From the material below, copy exactly the lines beginning with the one that contains "김동연 후보는 지난 19일" and ending with the one that contains "A queixa foi"; the pictures stay out.

▶ _Data for the task_:
=-=-=

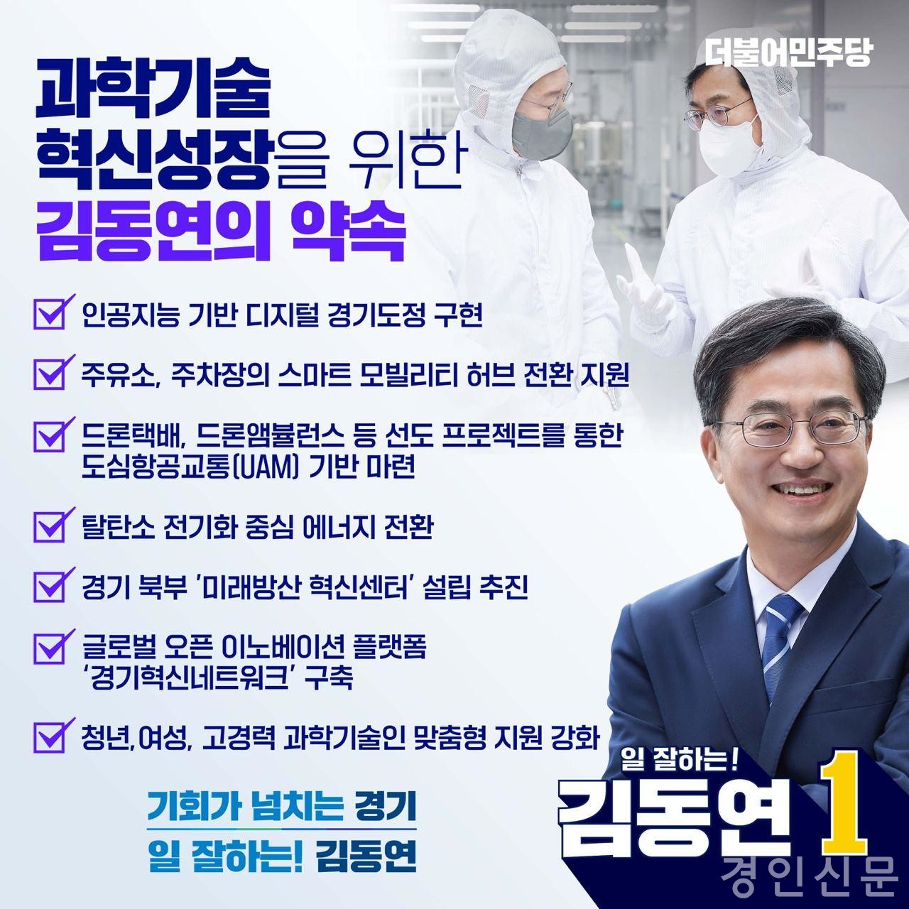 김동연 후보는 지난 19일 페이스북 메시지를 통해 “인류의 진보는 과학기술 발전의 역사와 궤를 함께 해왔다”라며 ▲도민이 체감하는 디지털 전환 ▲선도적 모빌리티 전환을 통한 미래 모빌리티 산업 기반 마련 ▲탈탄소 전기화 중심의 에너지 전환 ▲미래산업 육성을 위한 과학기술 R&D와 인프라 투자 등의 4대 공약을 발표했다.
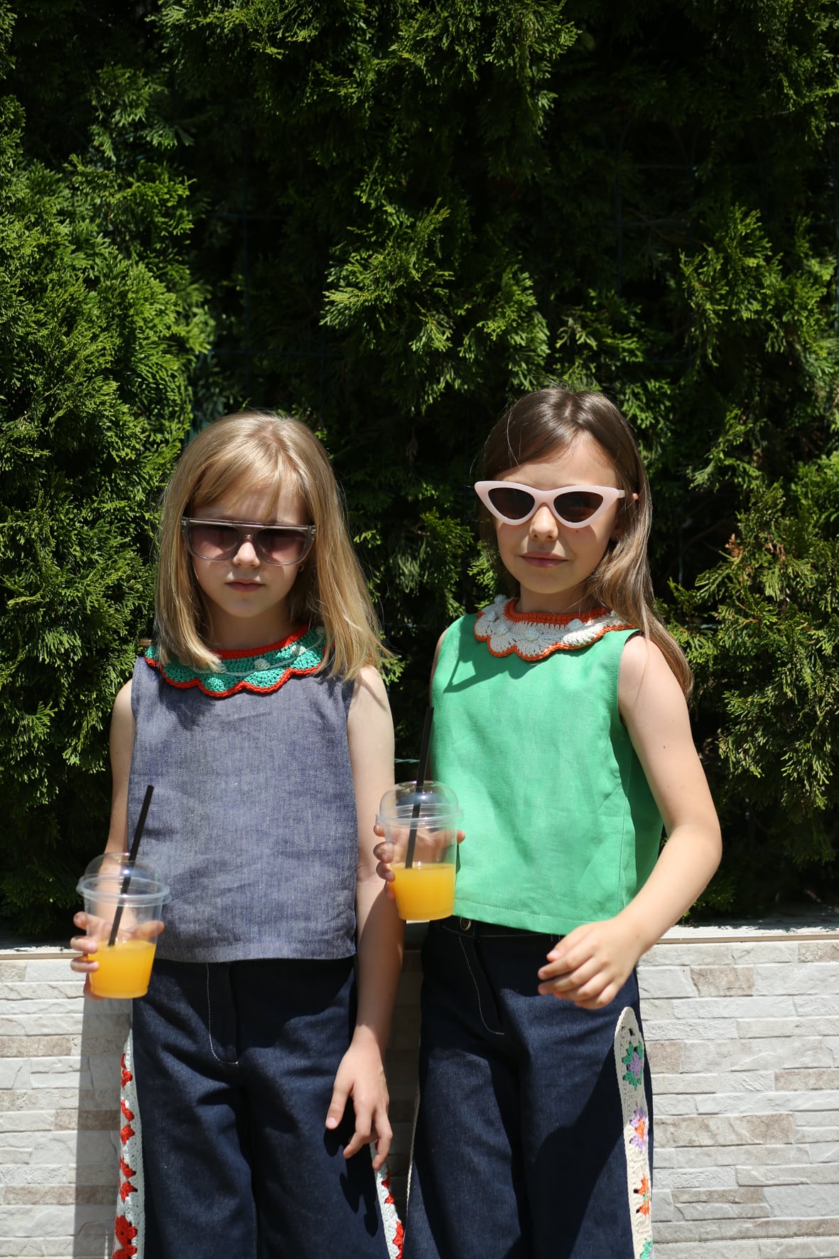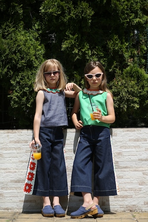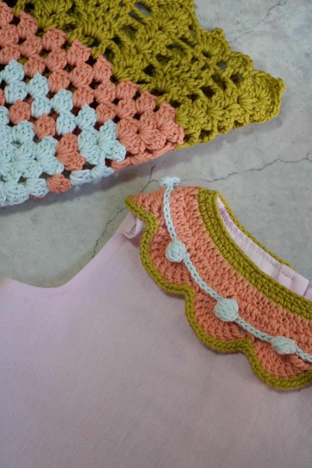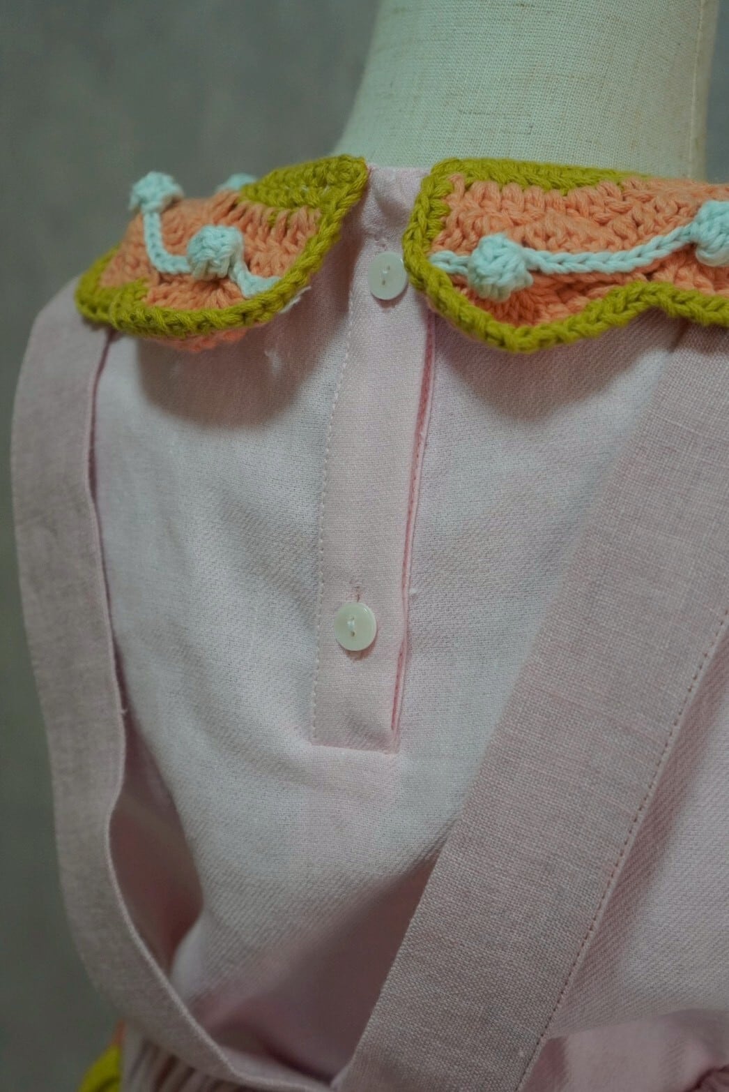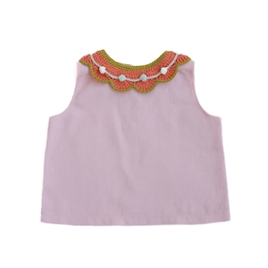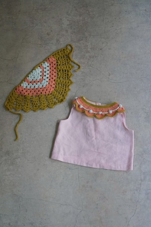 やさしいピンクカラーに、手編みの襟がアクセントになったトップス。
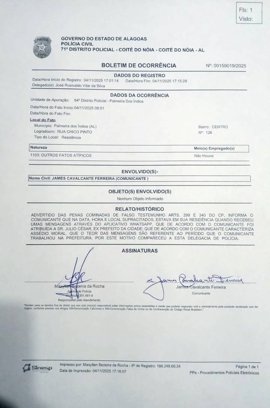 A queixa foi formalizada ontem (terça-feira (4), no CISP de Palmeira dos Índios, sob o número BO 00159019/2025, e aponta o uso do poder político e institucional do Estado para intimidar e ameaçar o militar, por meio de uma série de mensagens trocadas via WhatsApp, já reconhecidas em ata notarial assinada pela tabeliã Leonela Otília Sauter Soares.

=-=-=

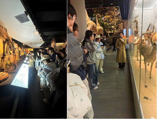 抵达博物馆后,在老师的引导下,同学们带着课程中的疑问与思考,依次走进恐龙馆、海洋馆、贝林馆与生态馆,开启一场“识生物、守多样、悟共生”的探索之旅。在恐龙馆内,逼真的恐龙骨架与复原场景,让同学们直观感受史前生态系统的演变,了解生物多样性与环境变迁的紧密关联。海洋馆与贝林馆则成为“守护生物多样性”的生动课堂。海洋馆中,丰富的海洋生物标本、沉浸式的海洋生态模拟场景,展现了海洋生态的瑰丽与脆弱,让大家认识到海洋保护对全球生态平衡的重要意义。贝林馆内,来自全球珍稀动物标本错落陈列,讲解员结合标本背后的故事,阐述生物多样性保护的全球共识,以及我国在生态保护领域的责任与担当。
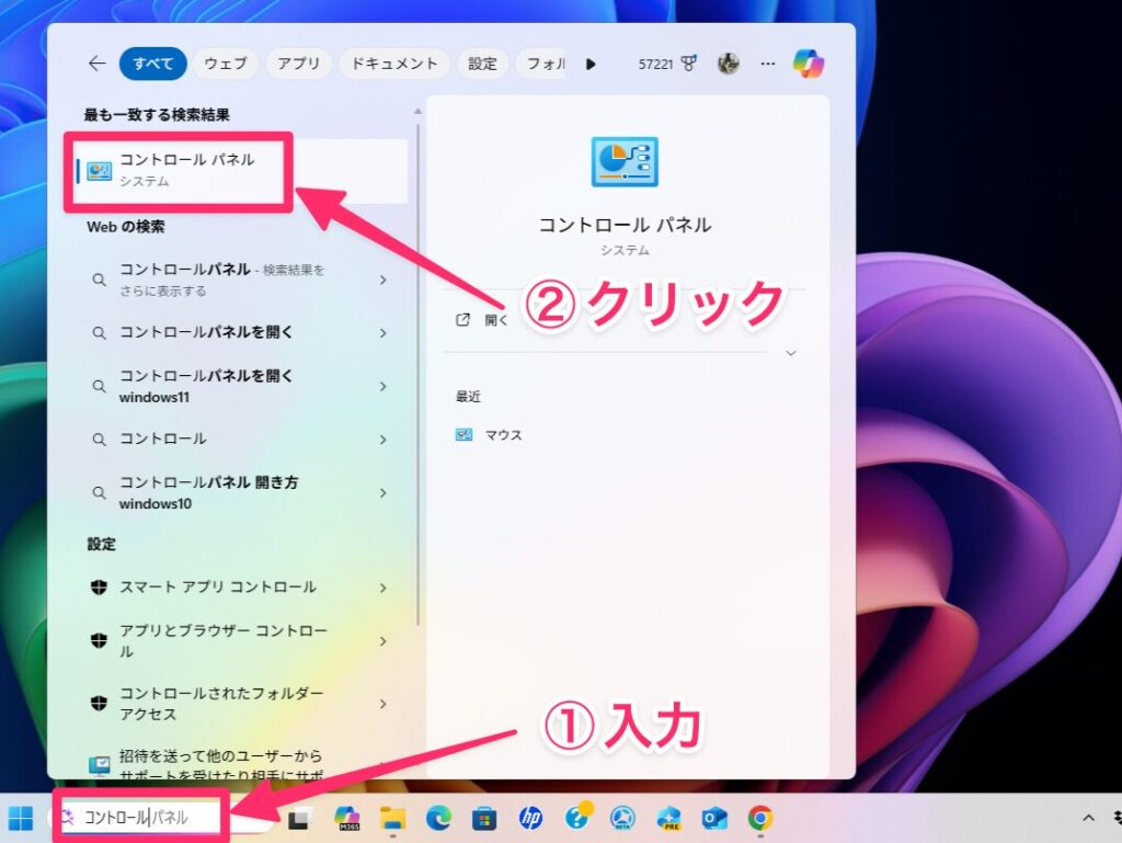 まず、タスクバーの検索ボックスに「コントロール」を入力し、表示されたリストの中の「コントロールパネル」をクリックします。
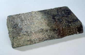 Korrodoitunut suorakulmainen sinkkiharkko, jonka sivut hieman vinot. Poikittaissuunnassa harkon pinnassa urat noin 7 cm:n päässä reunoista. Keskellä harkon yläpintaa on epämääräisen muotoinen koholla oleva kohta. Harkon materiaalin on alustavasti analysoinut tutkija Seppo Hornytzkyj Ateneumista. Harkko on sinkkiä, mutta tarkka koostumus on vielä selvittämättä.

=-=-=

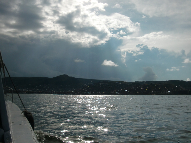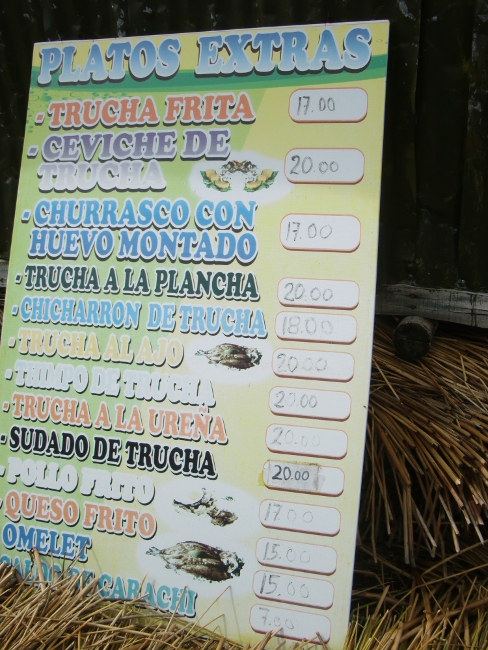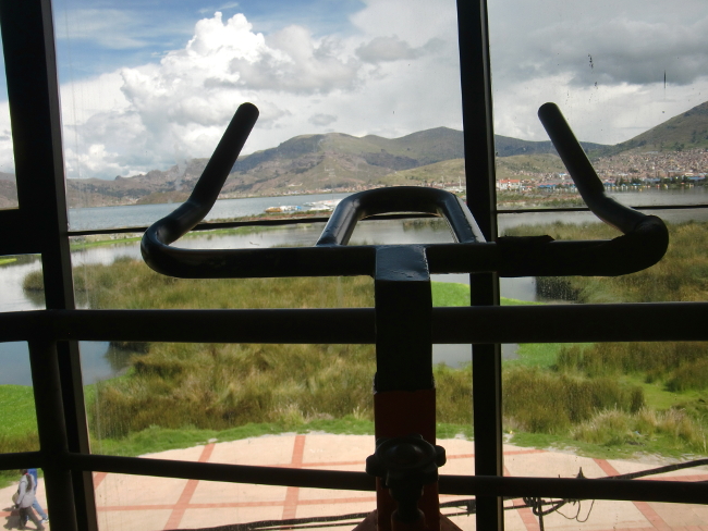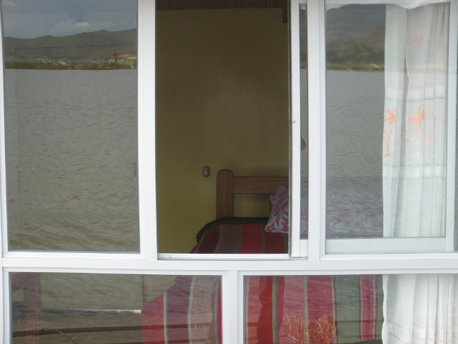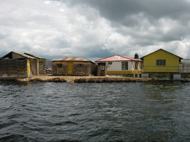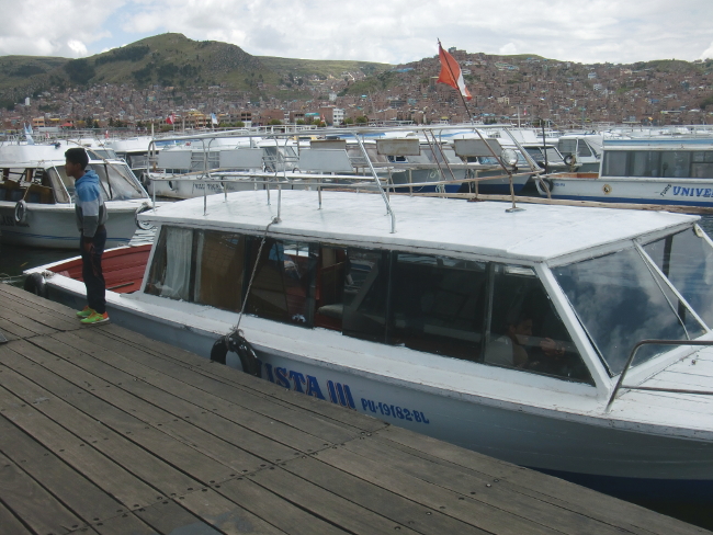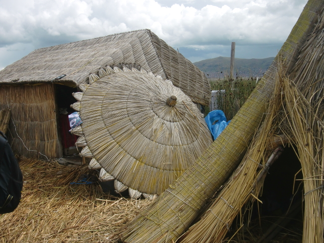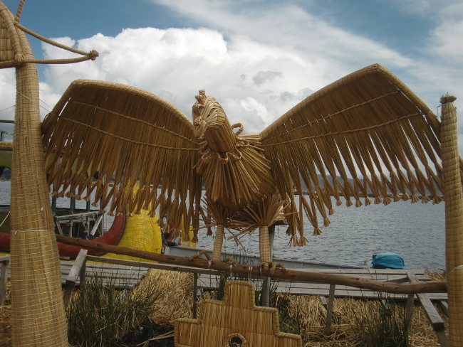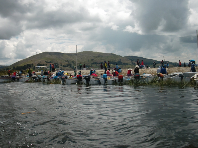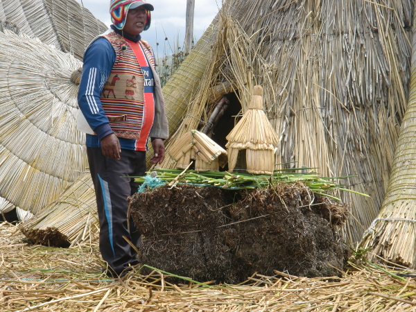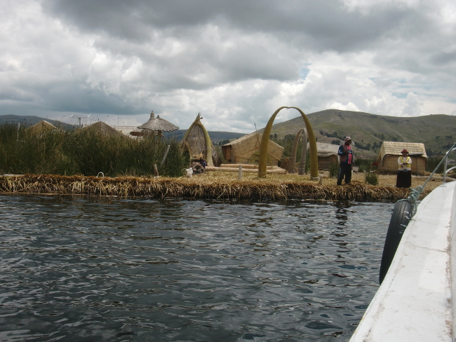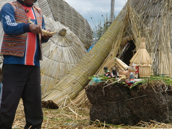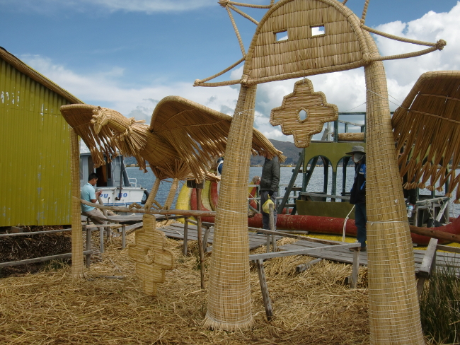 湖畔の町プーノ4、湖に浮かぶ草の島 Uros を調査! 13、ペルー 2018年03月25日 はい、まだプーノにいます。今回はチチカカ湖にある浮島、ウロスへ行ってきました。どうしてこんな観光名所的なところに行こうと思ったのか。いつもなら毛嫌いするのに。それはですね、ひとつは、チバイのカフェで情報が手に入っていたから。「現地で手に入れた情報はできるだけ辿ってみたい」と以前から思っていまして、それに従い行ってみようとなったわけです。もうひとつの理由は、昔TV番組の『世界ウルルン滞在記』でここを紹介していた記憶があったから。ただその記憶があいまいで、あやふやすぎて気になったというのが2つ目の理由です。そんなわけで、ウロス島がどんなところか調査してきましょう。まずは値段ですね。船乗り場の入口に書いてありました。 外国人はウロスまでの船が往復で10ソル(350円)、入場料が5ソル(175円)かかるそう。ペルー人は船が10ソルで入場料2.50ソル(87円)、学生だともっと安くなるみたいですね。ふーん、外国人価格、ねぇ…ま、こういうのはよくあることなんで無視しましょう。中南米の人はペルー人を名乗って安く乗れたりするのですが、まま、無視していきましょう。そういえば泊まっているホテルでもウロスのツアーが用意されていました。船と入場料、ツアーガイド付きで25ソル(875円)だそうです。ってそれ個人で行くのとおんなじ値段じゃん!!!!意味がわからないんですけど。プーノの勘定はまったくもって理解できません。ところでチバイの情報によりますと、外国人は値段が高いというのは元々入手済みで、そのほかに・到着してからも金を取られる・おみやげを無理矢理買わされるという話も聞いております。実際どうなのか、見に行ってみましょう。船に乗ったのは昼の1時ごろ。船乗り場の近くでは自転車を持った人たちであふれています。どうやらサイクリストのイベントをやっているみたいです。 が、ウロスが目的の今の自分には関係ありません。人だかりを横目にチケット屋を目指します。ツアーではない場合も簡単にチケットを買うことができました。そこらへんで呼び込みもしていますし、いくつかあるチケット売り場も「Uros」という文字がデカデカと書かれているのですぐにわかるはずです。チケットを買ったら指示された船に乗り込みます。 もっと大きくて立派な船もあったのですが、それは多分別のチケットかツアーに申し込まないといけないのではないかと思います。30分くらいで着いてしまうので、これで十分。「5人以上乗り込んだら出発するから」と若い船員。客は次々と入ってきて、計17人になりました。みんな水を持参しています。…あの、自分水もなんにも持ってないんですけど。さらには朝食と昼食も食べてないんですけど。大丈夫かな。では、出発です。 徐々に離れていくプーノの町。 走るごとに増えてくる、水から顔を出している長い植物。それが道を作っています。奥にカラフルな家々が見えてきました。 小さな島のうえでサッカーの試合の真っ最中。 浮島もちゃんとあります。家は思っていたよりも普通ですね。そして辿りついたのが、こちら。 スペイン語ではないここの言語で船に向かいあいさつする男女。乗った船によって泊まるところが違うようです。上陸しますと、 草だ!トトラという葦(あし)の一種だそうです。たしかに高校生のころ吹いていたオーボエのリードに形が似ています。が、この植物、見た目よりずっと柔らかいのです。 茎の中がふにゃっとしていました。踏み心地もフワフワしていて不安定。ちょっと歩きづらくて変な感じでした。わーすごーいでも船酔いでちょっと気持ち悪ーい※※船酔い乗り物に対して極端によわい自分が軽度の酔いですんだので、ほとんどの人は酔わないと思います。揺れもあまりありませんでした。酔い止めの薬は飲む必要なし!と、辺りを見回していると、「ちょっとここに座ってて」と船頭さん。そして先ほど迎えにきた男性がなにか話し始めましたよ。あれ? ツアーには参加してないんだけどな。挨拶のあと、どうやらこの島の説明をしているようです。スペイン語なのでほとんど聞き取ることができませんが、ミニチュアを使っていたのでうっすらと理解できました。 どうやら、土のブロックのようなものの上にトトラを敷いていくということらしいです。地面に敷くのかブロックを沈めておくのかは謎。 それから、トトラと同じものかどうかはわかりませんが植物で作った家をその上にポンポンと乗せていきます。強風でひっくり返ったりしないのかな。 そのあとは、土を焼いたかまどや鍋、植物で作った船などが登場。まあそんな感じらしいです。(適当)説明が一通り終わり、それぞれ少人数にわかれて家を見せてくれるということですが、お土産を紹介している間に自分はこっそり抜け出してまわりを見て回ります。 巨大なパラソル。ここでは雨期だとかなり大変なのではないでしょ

=-=-=

▶ _Response below_:
 김동연 후보는 지난 19일 페이스북 메시지를 통해 “인류의 진보는 과학기술 발전의 역사와 궤를 함께 해왔다”라며 ▲도민이 체감하는 디지털 전환 ▲선도적 모빌리티 전환을 통한 미래 모빌리티 산업 기반 마련 ▲탈탄소 전기화 중심의 에너지 전환 ▲미래산업 육성을 위한 과학기술 R&D와 인프라 투자 등의 4대 공약을 발표했다.
 やさしいピンクカラーに、手編みの襟がアクセントになったトップス。
 A queixa foi formalizada ontem (terça-feira (4), no CISP de Palmeira dos Índios, sob o número BO 00159019/2025, e aponta o uso do poder político e institucional do Estado para intimidar e ameaçar o militar, por meio de uma série de mensagens trocadas via WhatsApp, já reconhecidas em ata notarial assinada pela tabeliã Leonela Otília Sauter Soares.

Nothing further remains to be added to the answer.